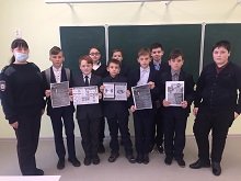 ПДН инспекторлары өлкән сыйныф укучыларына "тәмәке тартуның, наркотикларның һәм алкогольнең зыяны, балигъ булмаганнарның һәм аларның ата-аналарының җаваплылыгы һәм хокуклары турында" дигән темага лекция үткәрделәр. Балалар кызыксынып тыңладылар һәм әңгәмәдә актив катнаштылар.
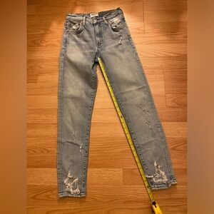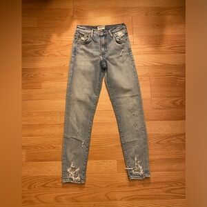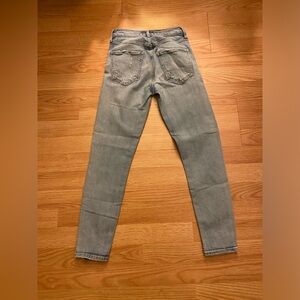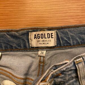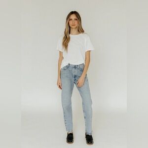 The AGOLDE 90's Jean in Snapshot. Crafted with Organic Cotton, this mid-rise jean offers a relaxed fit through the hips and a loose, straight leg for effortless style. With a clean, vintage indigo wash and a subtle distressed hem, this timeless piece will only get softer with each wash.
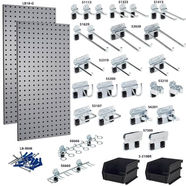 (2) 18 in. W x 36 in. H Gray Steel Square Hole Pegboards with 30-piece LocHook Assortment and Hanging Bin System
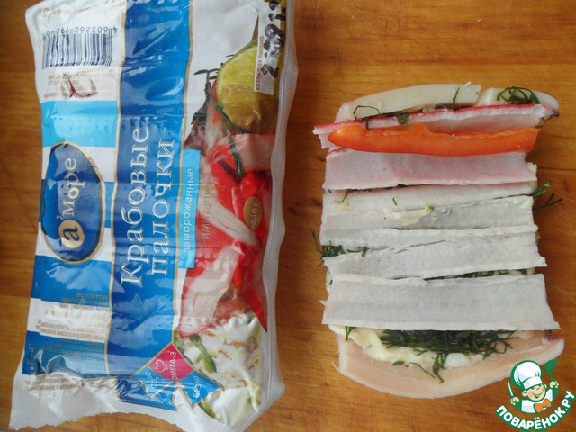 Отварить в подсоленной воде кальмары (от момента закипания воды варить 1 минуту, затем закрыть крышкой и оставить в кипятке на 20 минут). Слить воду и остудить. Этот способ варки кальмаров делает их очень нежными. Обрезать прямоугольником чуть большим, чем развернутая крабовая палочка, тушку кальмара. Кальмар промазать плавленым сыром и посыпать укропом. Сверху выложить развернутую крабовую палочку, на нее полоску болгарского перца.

TASK> Please transcribe the lines from the one containing "(2) 18 in. W" to the last line of the listing, both included, exactly and with nothing added, leaving every picture out.

RESULT OF THE EXERCISE>
 (2) 18 in. W x 36 in. H Gray Steel Square Hole Pegboards with 30-piece LocHook Assortment and Hanging Bin System
 Отварить в подсоленной воде кальмары (от момента закипания воды варить 1 минуту, затем закрыть крышкой и оставить в кипятке на 20 минут). Слить воду и остудить. Этот способ варки кальмаров делает их очень нежными. Обрезать прямоугольником чуть большим, чем развернутая крабовая палочка, тушку кальмара. Кальмар промазать плавленым сыром и посыпать укропом. Сверху выложить развернутую крабовую палочку, на нее полоску болгарского перца.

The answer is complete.